Definition: For a random variables $X\in\mathbb R^{d_1}$ and $Y\in\mathbb R^{d_2}$, we define a conditional expectation of $X$ given $Y$ by any random variable $Z$ satisfying:
- there exists $g:\mathbb R^{d_2}\rightarrow\mathbb R^{d_1}$ such that $Z=g(Y)$ and
- $\mathbb E\left[Z\unicode{x1D7D9}_{\{Y\in A\}}\right]=\mathbb E\left[X\unicode{x1D7D9}_{\{Y\in A\}}\right]$ for all $A\subseteq \mathbb R^{d_2}$
To be honest I don't understand the definition. Like
- the reason for requiring $\mathbb E[X|Y]$ to be a function of $Y$
- Why $\mathbb E\left[Z\unicode{x1D7D9}_{\{Y\in A\}}\right]=\mathbb E\left[X\unicode{x1D7D9}_{\{Y\in A\}}\right]$ needed for all $A\subseteq \mathbb R^{d_2}?$
Here is one example they mentioned:
$\Omega=[-1,1]$ and $\mathbb P$ is uniform distribution. Define $$\begin{align}X(\omega)&=-\frac12+\unicode{x1D7D9}_{\{\omega\in[-1,-1/2]\cup[0,1/2]\}}+2\unicode{x1D7D9}_{\{\omega\in[-1/2,0]\}}\\Y(\omega)&=\unicode{x1D7D9}_{\{\omega\geq0\}}\\Z(\omega)&=1-Y(\omega)\end{align}$$ Then $\mathbb E[X|Y]=Z$ and $\mathbb P(X=Z)=0$
I didn't get how to compute conditional expectation using the above definition.

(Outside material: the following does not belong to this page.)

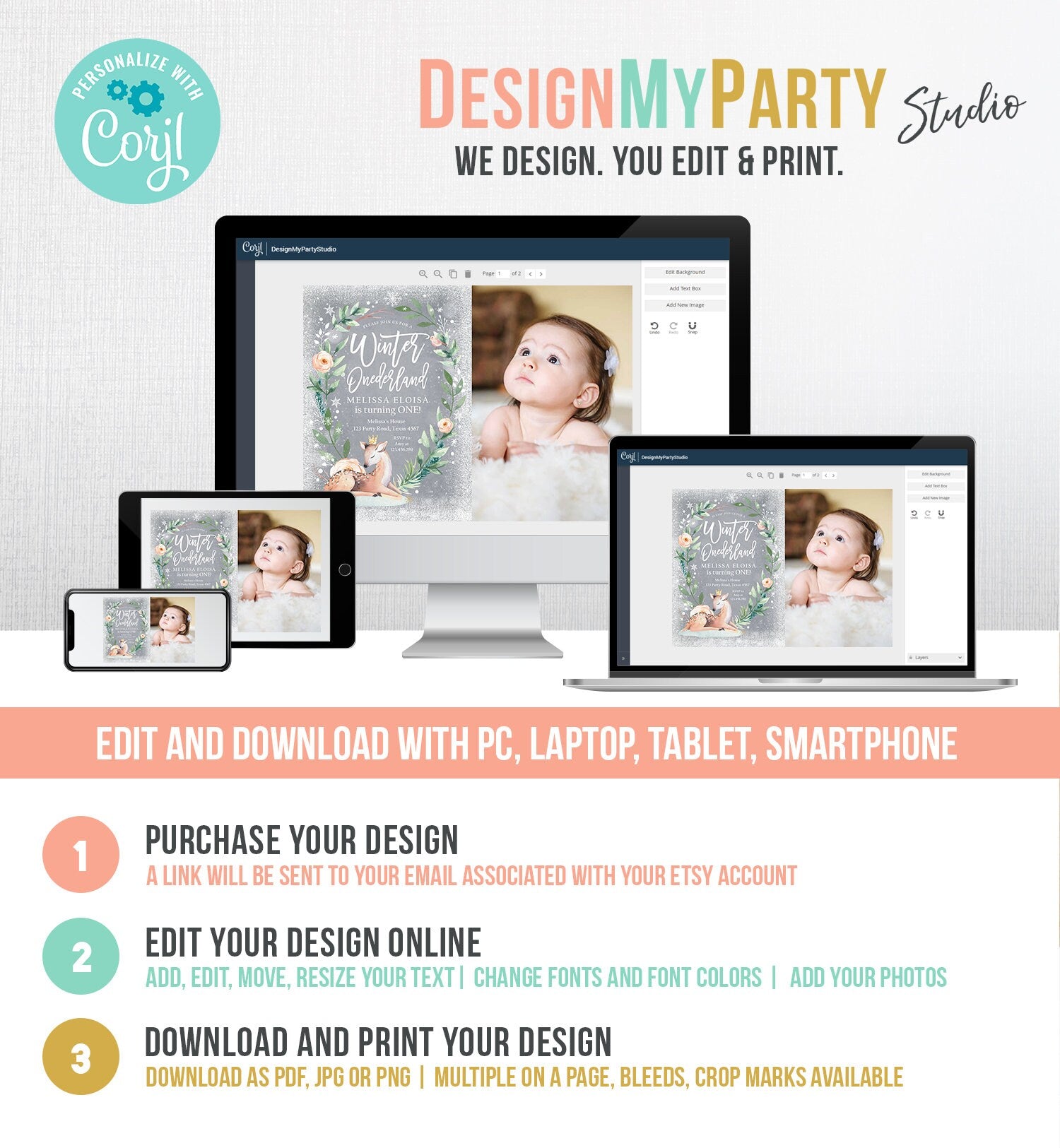 You will receive a link to edit your digital design, no printed items will be shipped!

Here is another definition from A First Look at Rigorous Probability Theory, by Jeffrey S. Rosenthal
Definition: If $Y$ is a random variable, and if we define $v $ by $v(S)=\mathbb P(Y\in S|B)=\mathbb P(Y\in S,B)/P(B)$, then $v=\mathcal L(Y|B)$ is a probability measure, called the conditional distribution of $Y$ given $B$. $\mathcal L(Y\unicode{x1D7D9}_{B})=\mathbb P(B)\mathcal L(Y|B)+P(B^c)\delta_0$, so taking expectations and re-arranging, $$\mathbb E(Y|B)=\mathbb E(Y\unicode{x1D7D9}_{B})/\mathbb P(B)$$
Here also I can't understand the role of $v$ and how it creates similar thing with above definition.